The fall started to unravel the day Jesus was born. He humbled Himself to our level, choosing to be born as a baby for the sake of reconciliation.

Not only is this so, but we also boast in God through our Lord Jesus Christ, through whom we have now received reconciliation.

-Romans 5:11

Over the course of the next few verses, Paul contrasts the death that happened through Adam with its reversal: the resurrection that happens through Jesus.

For if, by the trespass of the one man, death reigned through that one man, how much more will those who receive God’s abundant provision of grace and of the gift of righteousness reign in life through the one man, Jesus Christ!

-Romans 5:17

How much more!

When I think of all of the death and darkness in the world, it can get a little overwhelming. It is rampant; it is woven into the fabric of our societies.

How much more.

I want to talk about belief again.

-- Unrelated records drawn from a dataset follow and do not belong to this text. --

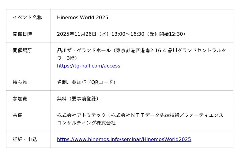 株式会社NTTデータ先端技術の協力会社として、統合運用管理ソフトウェア「Hinemos(ヒネモス)」の開発・営業・プロモーションを行う株式会社アトミテック(本社:東京都港区、代表取締役社長:中西 康貴)は、株式会社NTTデータ先端技術、フォーティエンスコンサルティング株式会社と共催で、「Hinemos World 2025」を、2025年11月26日(水)13:00より、品川ザ・グランドホール(東京都)にて開催することをお知らせいたします。
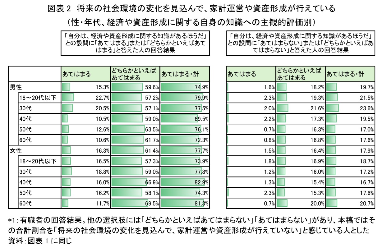 このような評価には、経済や資産形成に関する自身の知識に対する主観的な評価が関連しており、自身の知識に対する評価が高い人のほうが、家計運営や資産形成の現状に対する評価も高い傾向にある(図表2)。図表のように、「自分は、経済や資産形成に関する知識があるほうだ」と答えた人(「あてはまる」または「どちらかといえばあてはまる」と答えた人、以下同じ)では「将来の社会環境の変化を見込んで、家計運営や資産形成が行えている」と感じている人(「あてはまる」「どちらかといえばあてはまる」の合計割合、以下同じ)がどの年代でも圧倒的に多く、7~8割前後を占める。これに対して、「自分は、経済や資産形成に関する知識があるほうではない」と答えた人(「自分は、経済や資産形成に関する知識があるほうだ」との設問に「あてはまらない」または「どちらかといえばあてはまらない」と答えた人、以下同じ)では、「将来の社会環境の変化を見込んで、家計運営や資産形成が行えている」と感じている人が2割前後にとどまっている。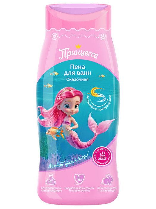 Состав пены адаптирован для детской кожи и богат натуральными экстрактами и активными компонентами, благодаря чему кожа Принцессы получает особый уход и защиту.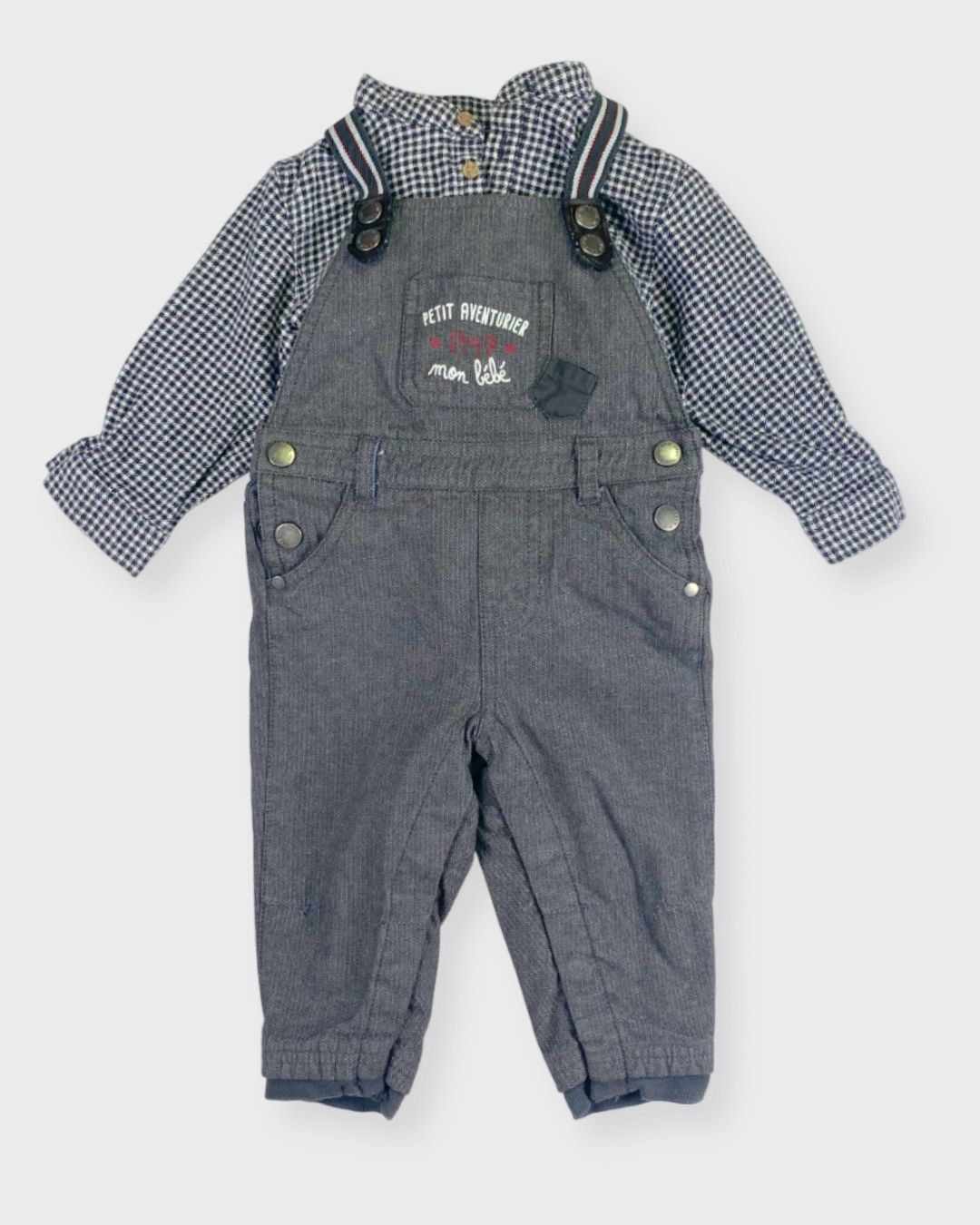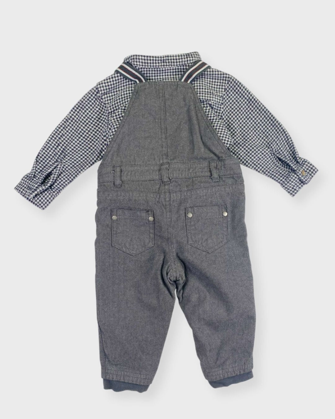 Une chemise Kiabi adorable portée sous une salopette Gémo. Un look garçon 6 mois mi-saison qu’on aime tant. Chic et mignon. 👔💙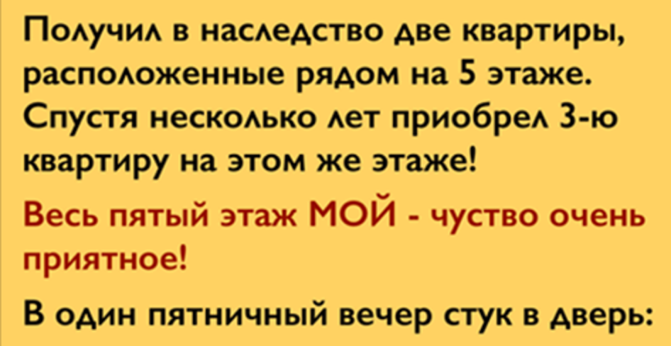 Давненько получив в наследство 2 квартиры расположенные рядом (совмещенные ранее родителями) на пятом этаже, положил глаз на третью, последнюю на лестничной клетке.
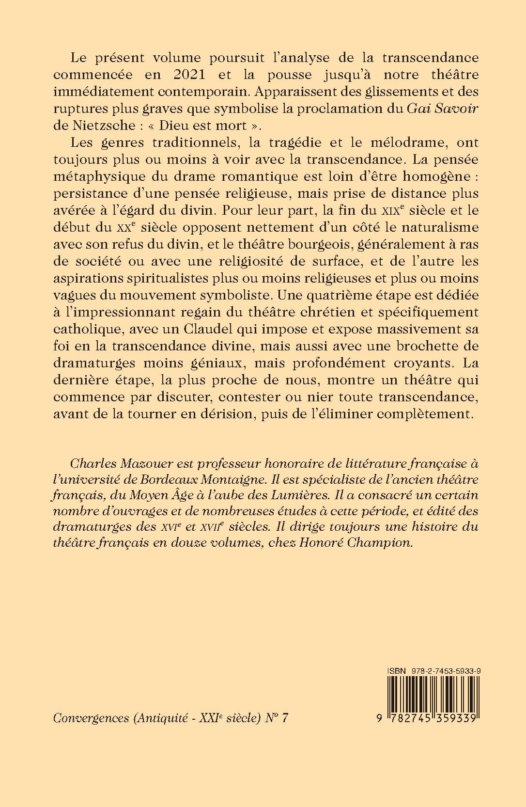 Les genres traditionnels, la tragédie et le mélodrame, ont toujours plus ou moins à voir avec la transcendance. La pensée métaphysique du drame romantique est loin d’être homogène : persistance d’une pensée religieuse, mais prise de distance plus avérée à l’égard du divin. Pour leur part, la fin du XIXe siècle et le début du XXe siècle opposent nettement d’un côté le naturalisme avec son refus du divin, et le théâtre bourgeois, généralement à ras de société ou avec une religiosité de surface, et de l’autre les aspirations spiritualistes plus ou moins religieuses et plus ou moins vagues du mouvement symboliste. Une quatrième étape est dédiée à l’impressionnant regain du théâtre chrétien et spécifiquement catholique, avec un Claudel qui impose et expose massivement sa foi en la transcendance divine, mais aussi avec une brochette de dramaturges moins géniaux, mais profondément croyants. La dernière étape, la plus proche de nous, montre un théâtre qui commence par discuter, contester ou nier toute transcendance, avant de la tourner en dérision, puis de l’éliminer complètement.
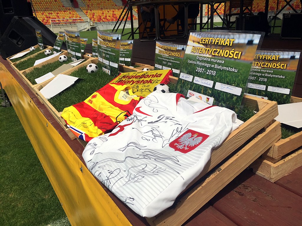 Po 11 latach użytkowania będzie wymieniona murawa na Stadionie Miejskim w Białymstoku, gdzie swoje mecze rozgrywają piłkarze Jagiellonii. W związku z tym można było zabrać kawałek historii do domu, a przy okazji wspomóc akcję charytatywną.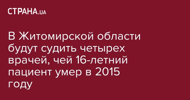В Житомирской области в суд передали дело против трех врачей, которые не смогли вылечить 16-летнего подростка, поступившего в больницу после ДТП в тяжелом состоянии. Об этом сообщает пресс-служба Генпрокуратуры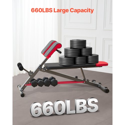VEVOR Panca Multifunzionale per Allenamento Completo del Corpo, Panca per Iperestensione con Sedia Romana, 350 kg per Allenamento di Addominali e Core di Schiena e Braccia, per Palestra Domestica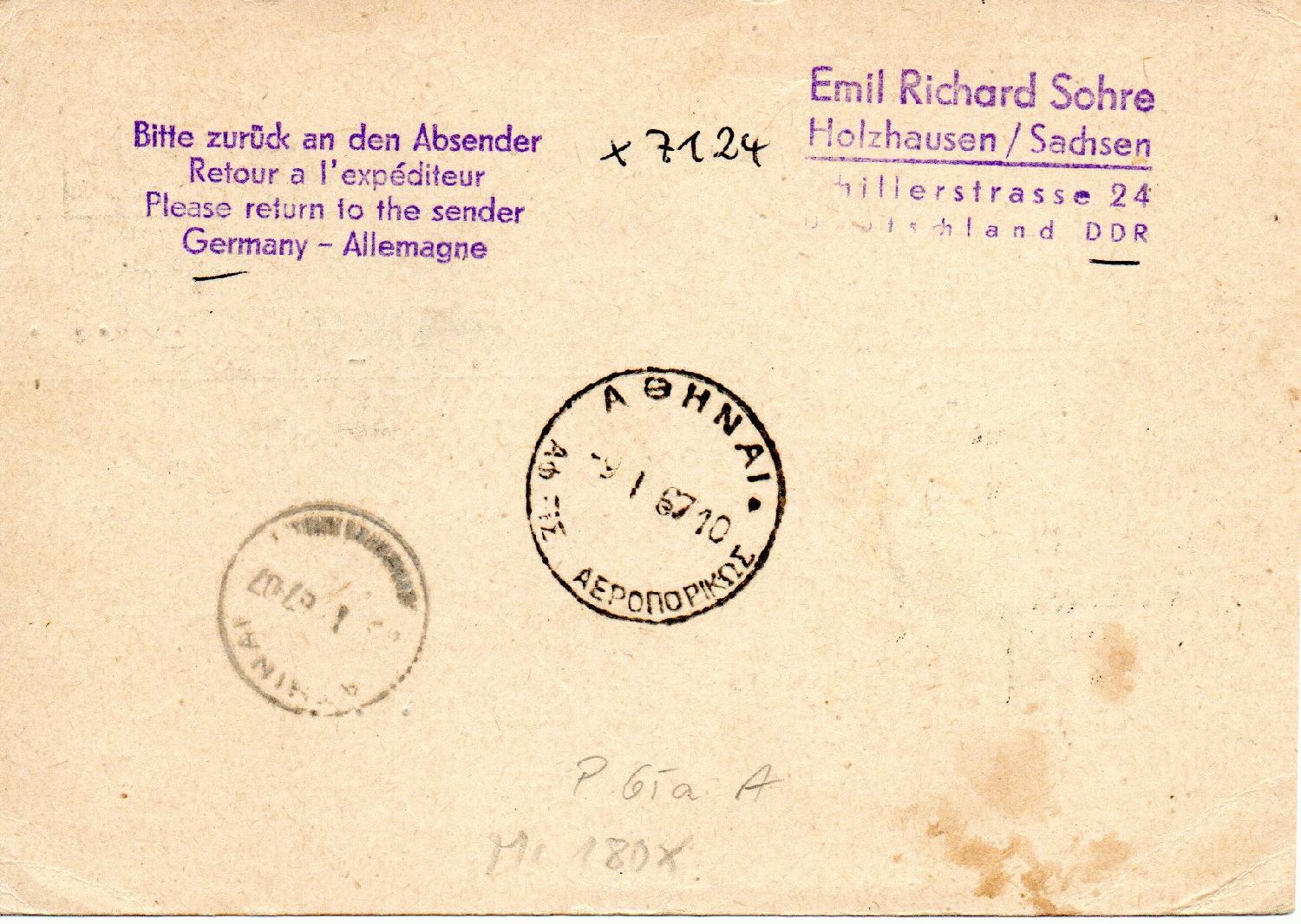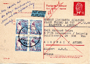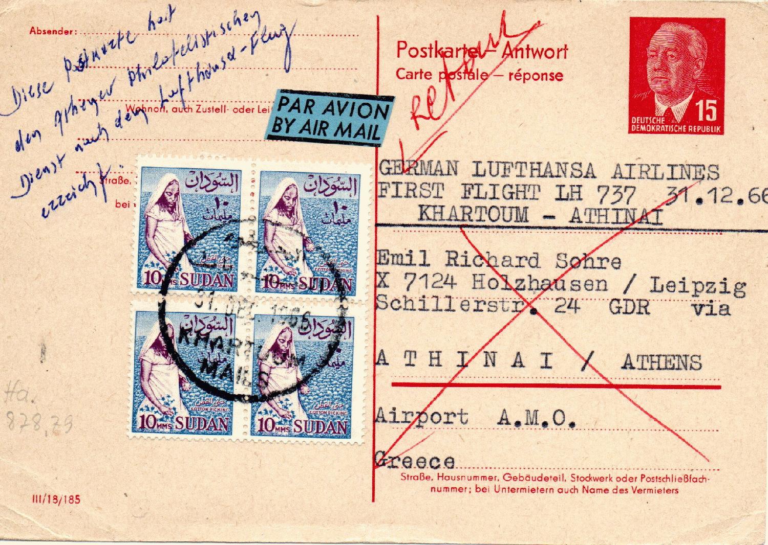 Benutz wurde eine DDR Ganzsachenpostkarte P 65a A, mit Zusatzfrankatur 4x Sudan Michel Nr. 180X mit Stempel vom 31.12.1966. Auf der Rückseite Stempel Athen vom 09.01.1967 und ein weiterer unleserlicher Stempel Von Athen.

Lately the fact that Jesus just asks us to believe in Him in order to have life hasn’t been making a whole lot of sense to me. Why was belief His number one priority? Why is belief so powerful?

Adam and Eve were sentenced to death because of their lack of belief.

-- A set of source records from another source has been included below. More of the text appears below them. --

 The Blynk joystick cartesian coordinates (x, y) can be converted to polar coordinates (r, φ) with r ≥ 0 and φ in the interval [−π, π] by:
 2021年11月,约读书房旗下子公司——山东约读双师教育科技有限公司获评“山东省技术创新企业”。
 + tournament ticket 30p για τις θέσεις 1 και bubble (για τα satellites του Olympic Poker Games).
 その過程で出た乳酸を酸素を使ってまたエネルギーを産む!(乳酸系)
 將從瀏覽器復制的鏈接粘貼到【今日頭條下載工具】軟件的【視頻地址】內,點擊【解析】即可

Their lack of belief entirely separated them from God. It is what caused them to follow Satan instead.

With God, we are either all in or all out. We either believe in Him and are unified with Him, or we believe in something else and we are separated from Him.

As humans, we were made to believe in something. We were made to pick one thing and follow it–believe in it and find fulfillment in it–above all the rest. After humanity was cursed, it was natural for men to look to the work of their hands to be the object of their belief; their fulfillment. Likewise, it was natural for women to look to their husbands–men–to be the object of their belief and fulfillment.

You and I have the opportunity today to do something a little different: to believe in Jesus. To look to Him for our fulfillment. We were created to do exactly that, and it is only when we fully put our trust in Him that we start living life the way it was meant to be lived.

Don’t get me wrong–work and marriage are not bad things. But we weren’t created to believe in them above God.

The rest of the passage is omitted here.